-------- Supplied records --------

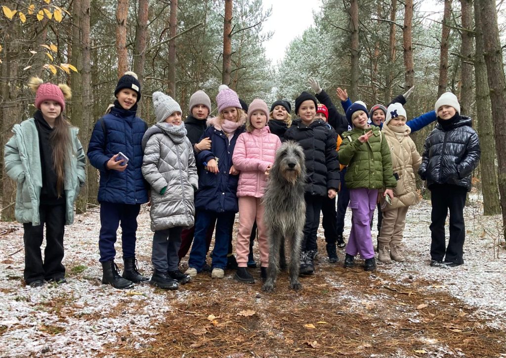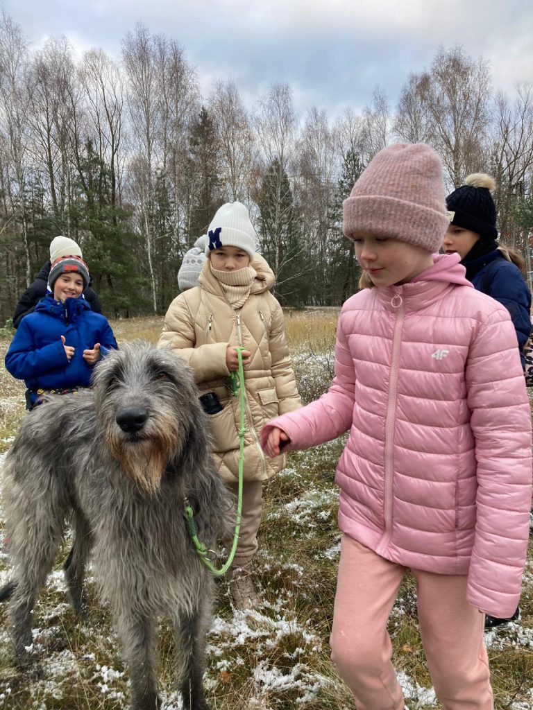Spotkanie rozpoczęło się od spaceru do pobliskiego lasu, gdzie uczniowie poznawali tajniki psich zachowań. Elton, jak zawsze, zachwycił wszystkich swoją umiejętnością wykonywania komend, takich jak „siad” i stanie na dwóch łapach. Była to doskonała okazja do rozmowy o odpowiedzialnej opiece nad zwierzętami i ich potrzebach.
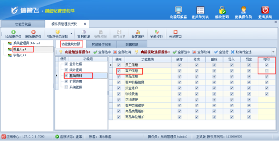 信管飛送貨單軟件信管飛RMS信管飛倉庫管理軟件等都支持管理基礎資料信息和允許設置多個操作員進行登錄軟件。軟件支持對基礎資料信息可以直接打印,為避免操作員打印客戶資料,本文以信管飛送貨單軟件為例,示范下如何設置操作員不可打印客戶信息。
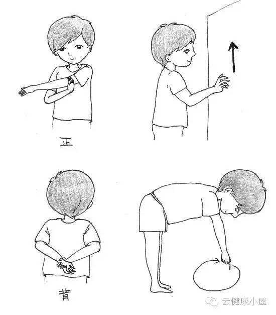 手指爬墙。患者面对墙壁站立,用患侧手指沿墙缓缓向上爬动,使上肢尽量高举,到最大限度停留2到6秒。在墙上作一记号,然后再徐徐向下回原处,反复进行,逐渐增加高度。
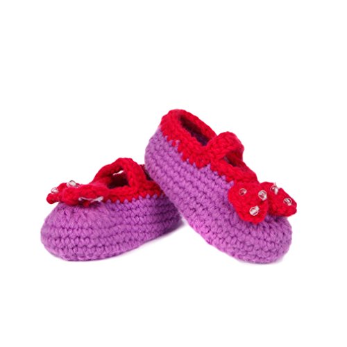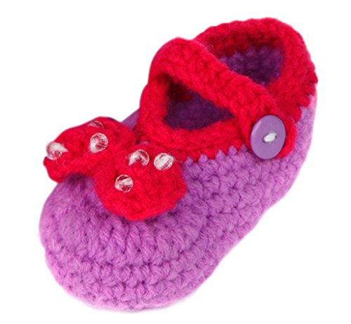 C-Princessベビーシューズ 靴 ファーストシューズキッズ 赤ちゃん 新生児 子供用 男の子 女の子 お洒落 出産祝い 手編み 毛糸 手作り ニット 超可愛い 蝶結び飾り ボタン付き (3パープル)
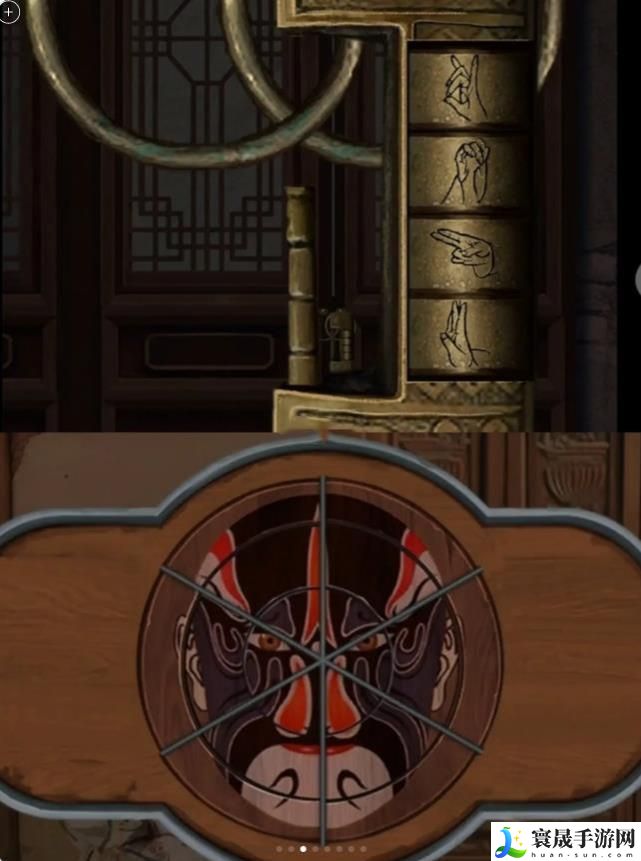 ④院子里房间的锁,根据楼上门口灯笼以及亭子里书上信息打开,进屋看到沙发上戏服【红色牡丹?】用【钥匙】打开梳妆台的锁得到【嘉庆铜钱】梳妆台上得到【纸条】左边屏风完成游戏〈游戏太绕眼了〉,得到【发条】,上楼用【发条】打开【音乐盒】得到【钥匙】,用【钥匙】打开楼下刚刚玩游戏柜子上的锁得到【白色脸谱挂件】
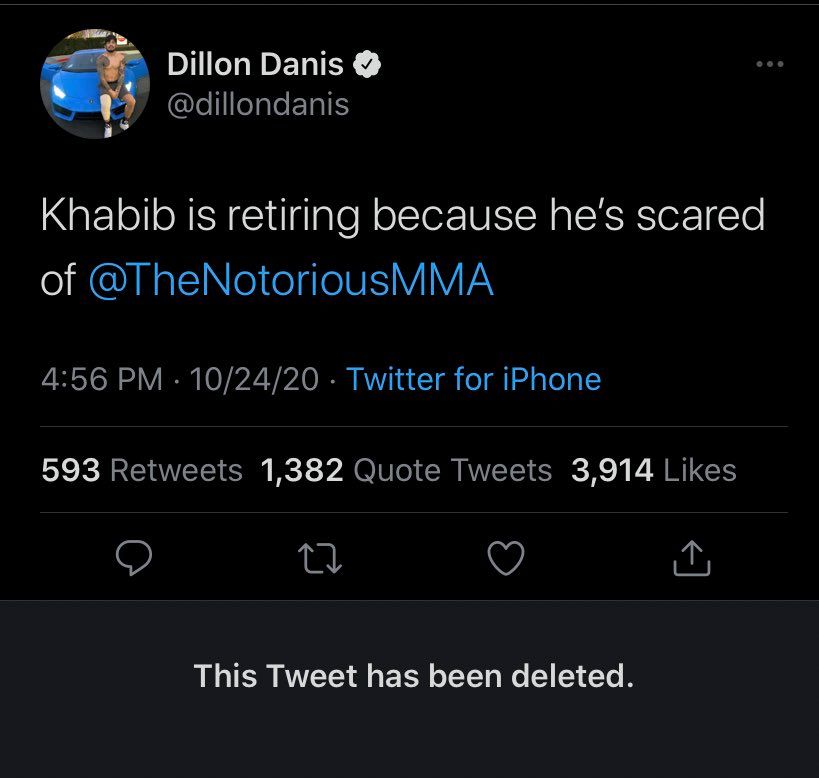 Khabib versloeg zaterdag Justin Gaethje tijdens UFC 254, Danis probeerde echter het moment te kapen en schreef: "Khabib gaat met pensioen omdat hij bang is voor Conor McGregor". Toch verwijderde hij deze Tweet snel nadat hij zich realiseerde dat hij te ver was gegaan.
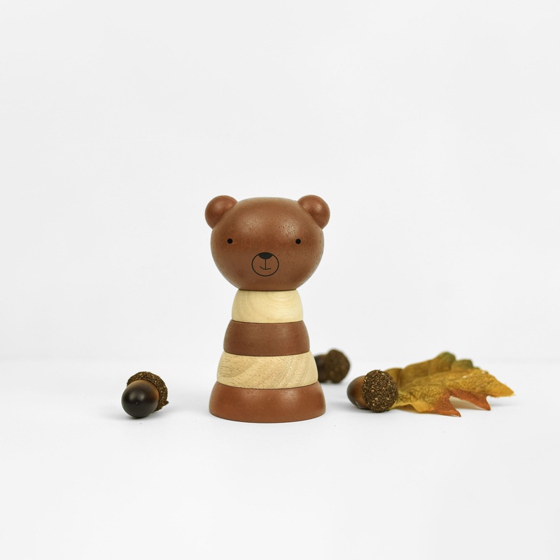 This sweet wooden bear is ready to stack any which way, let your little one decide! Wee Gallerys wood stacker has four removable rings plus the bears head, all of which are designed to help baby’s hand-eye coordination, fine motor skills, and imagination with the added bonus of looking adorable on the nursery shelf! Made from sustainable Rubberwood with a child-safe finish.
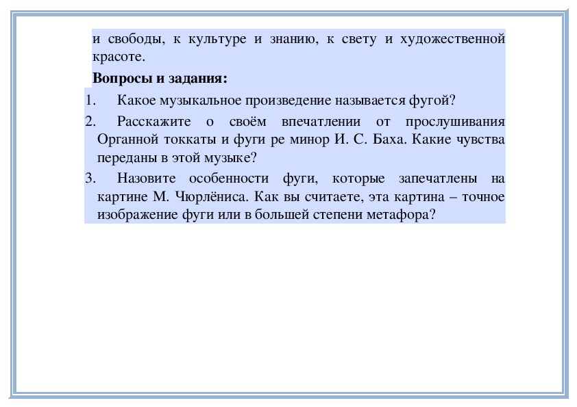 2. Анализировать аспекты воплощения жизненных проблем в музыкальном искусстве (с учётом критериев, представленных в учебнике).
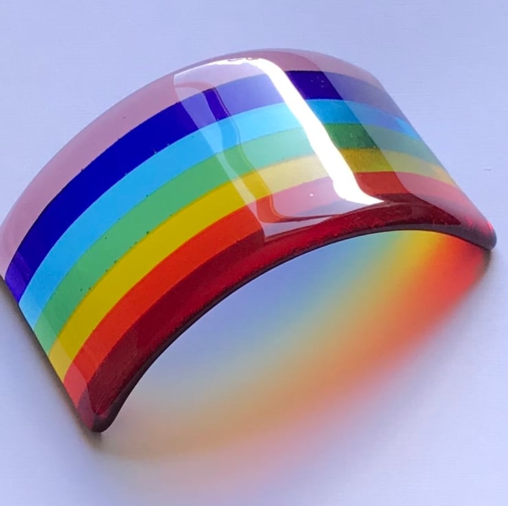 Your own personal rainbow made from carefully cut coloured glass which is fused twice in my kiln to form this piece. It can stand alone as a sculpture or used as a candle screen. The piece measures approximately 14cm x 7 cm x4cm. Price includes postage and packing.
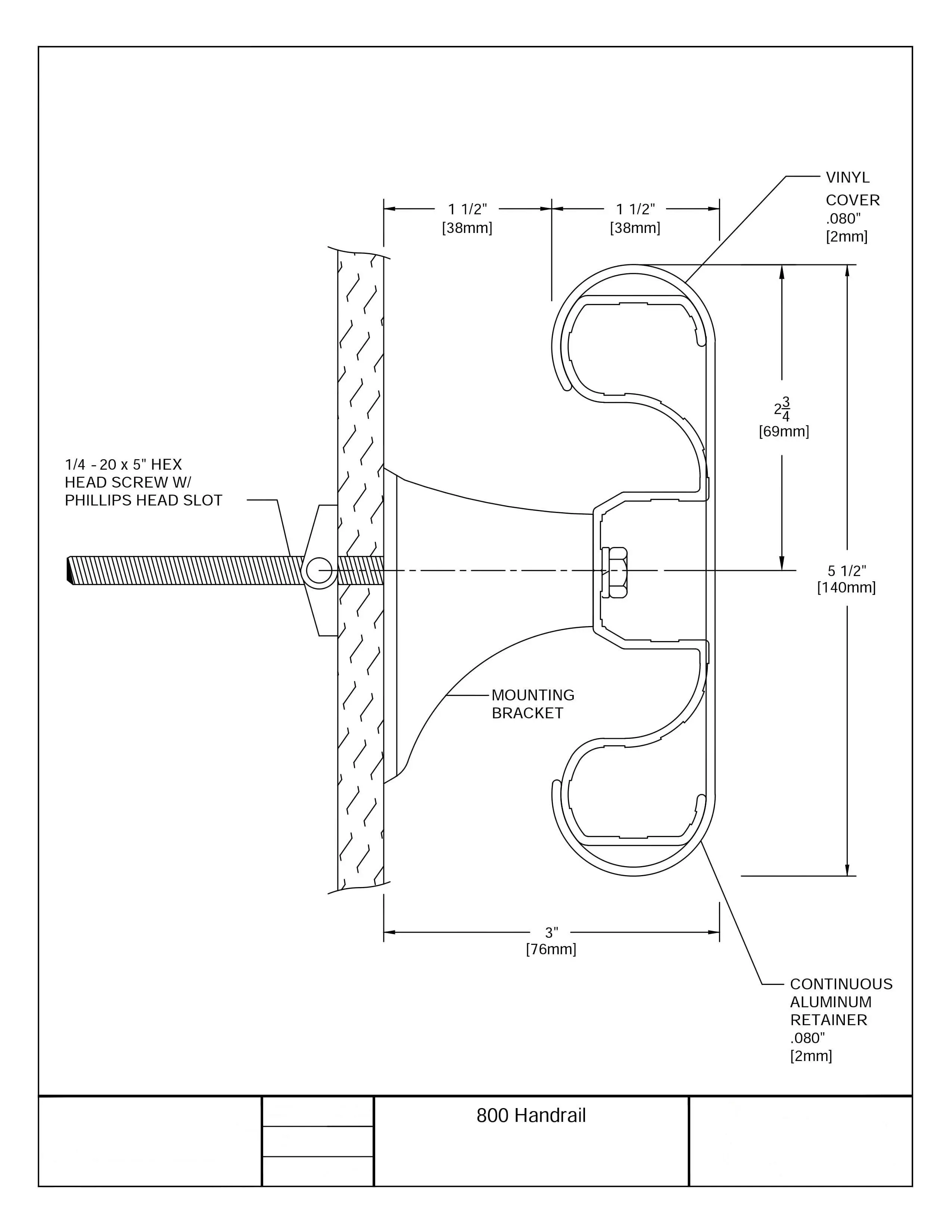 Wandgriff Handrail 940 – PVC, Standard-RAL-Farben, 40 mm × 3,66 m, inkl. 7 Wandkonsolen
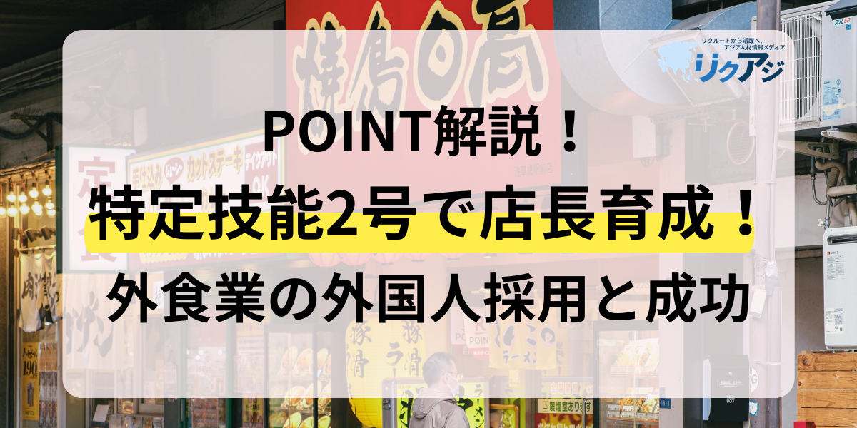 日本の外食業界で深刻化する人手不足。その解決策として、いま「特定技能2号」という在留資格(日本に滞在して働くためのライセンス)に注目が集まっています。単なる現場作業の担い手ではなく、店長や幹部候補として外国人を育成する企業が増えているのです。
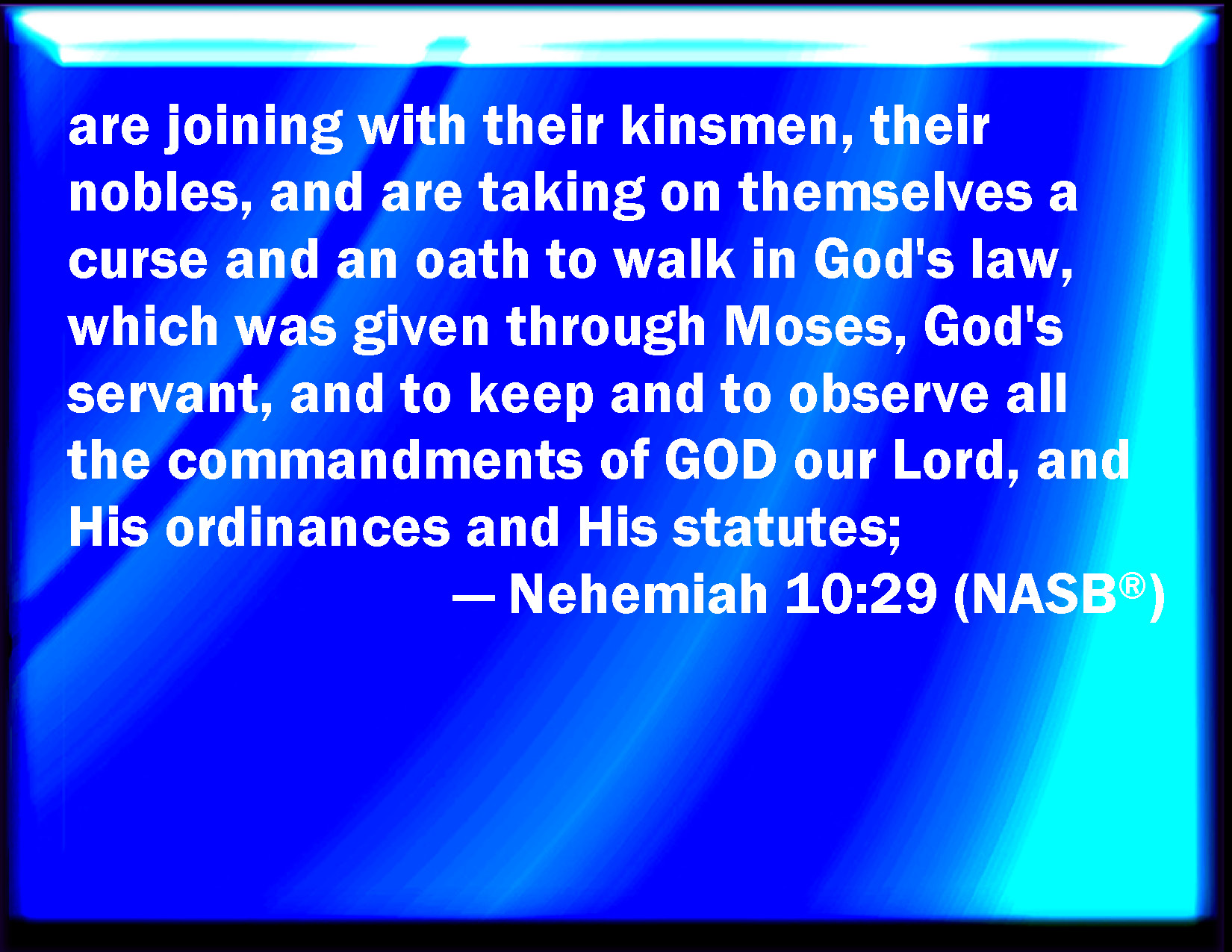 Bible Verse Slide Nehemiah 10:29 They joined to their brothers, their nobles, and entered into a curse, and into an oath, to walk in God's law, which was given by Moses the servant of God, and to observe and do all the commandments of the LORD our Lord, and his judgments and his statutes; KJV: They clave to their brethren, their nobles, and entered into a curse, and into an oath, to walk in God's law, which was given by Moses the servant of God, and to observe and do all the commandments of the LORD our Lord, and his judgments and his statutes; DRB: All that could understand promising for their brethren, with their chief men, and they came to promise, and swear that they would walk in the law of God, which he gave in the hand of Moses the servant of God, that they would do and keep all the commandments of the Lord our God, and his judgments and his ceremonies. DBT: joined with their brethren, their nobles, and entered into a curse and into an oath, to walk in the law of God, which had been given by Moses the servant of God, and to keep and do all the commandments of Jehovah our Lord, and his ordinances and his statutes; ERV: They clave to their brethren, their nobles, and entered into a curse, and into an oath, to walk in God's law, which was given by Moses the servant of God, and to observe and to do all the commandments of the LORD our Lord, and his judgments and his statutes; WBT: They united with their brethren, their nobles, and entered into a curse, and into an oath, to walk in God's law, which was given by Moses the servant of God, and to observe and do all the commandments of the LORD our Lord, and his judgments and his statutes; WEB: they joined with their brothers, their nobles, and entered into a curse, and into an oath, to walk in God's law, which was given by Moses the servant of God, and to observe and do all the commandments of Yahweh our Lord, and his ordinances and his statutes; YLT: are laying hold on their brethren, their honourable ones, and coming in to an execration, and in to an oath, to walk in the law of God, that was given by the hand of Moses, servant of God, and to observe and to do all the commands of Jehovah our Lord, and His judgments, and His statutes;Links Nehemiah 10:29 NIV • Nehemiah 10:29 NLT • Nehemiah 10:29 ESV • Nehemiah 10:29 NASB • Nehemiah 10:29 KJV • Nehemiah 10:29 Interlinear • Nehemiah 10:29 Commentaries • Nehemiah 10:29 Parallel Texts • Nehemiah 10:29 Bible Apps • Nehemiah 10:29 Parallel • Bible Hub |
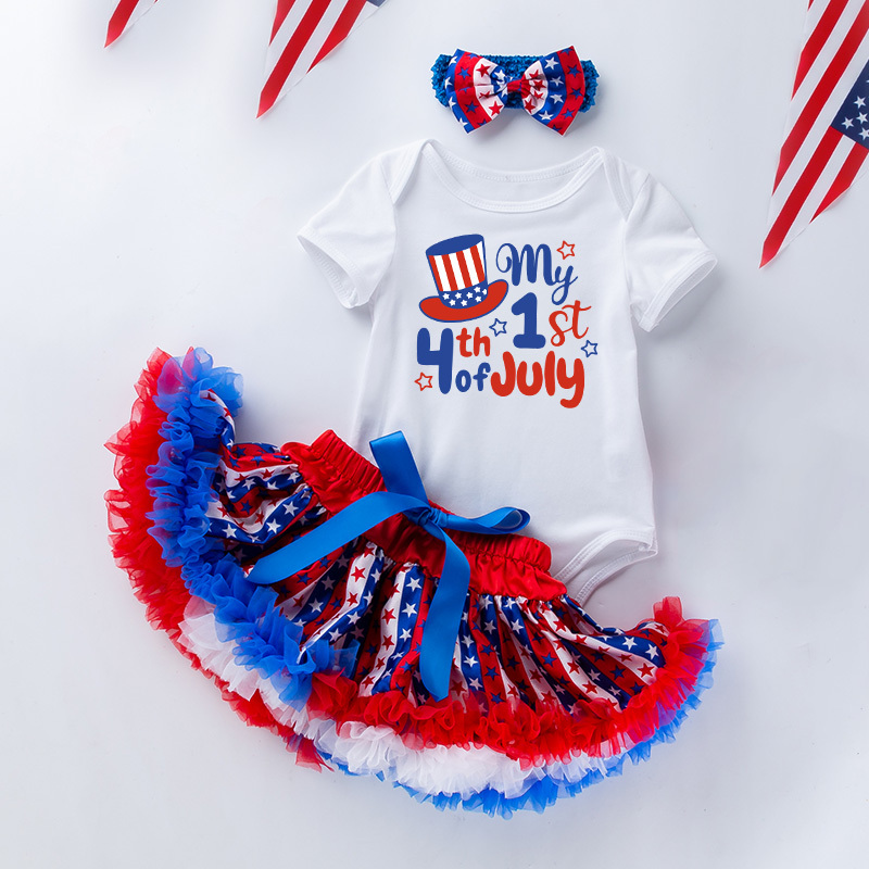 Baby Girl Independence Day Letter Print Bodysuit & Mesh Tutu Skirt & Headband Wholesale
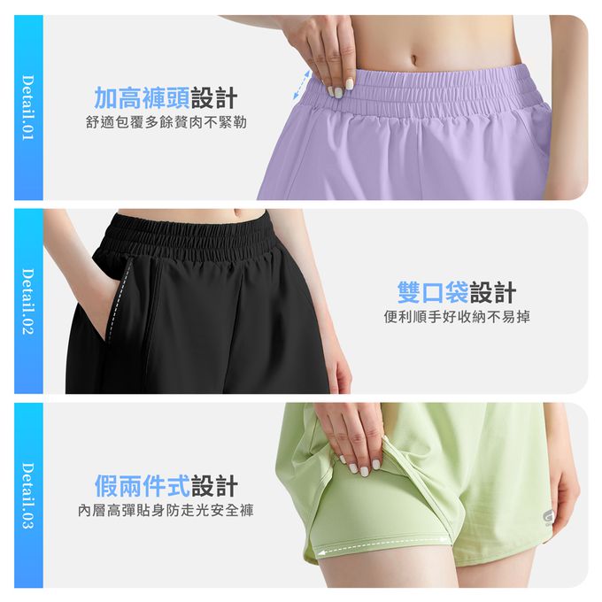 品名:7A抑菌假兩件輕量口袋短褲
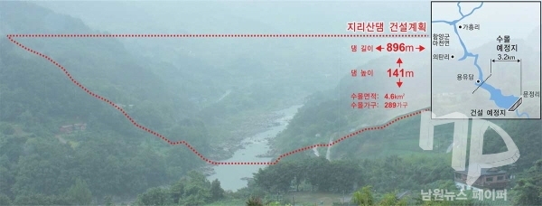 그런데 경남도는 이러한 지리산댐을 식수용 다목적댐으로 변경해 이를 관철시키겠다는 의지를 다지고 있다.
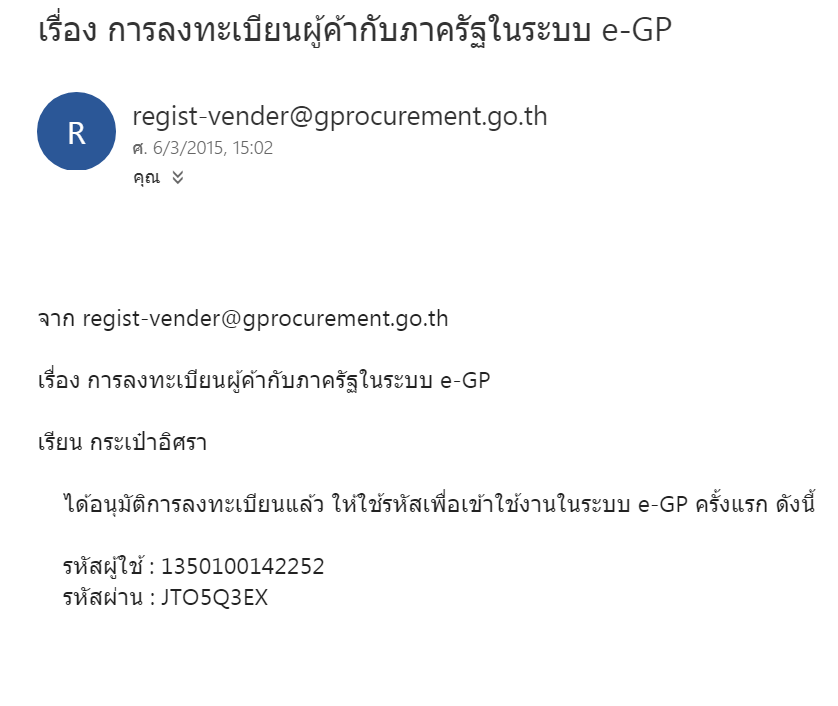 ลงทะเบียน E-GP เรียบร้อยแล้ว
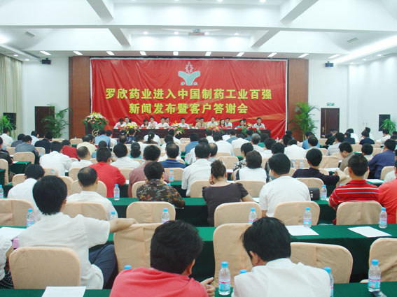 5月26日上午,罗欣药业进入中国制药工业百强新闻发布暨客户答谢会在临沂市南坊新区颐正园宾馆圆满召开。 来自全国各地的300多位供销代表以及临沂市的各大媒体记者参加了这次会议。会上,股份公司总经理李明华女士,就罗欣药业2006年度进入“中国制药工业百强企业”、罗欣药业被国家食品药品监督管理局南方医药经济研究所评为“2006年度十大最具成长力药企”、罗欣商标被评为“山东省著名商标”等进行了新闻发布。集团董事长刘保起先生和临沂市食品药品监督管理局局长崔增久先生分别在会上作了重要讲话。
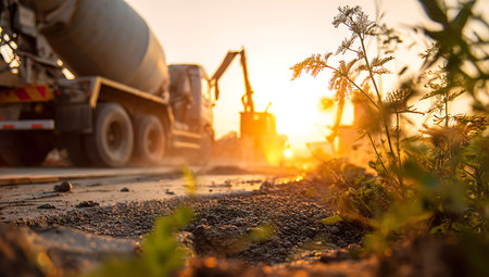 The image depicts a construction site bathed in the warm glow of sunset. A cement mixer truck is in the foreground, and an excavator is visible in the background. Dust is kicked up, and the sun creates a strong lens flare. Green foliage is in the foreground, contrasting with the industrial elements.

--------

• Work to complete:
Exactly the lines from the one containing "5月26日上午,罗欣药业进入" through the last line of the material above, both included and free of pictures, should make up your answer, please.

• Reply to the exercise:
 5月26日上午,罗欣药业进入中国制药工业百强新闻发布暨客户答谢会在临沂市南坊新区颐正园宾馆圆满召开。 来自全国各地的300多位供销代表以及临沂市的各大媒体记者参加了这次会议。会上,股份公司总经理李明华女士,就罗欣药业2006年度进入“中国制药工业百强企业”、罗欣药业被国家食品药品监督管理局南方医药经济研究所评为“2006年度十大最具成长力药企”、罗欣商标被评为“山东省著名商标”等进行了新闻发布。集团董事长刘保起先生和临沂市食品药品监督管理局局长崔增久先生分别在会上作了重要讲话。
 The image depicts a construction site bathed in the warm glow of sunset. A cement mixer truck is in the foreground, and an excavator is visible in the background. Dust is kicked up, and the sun creates a strong lens flare. Green foliage is in the foreground, contrasting with the industrial elements.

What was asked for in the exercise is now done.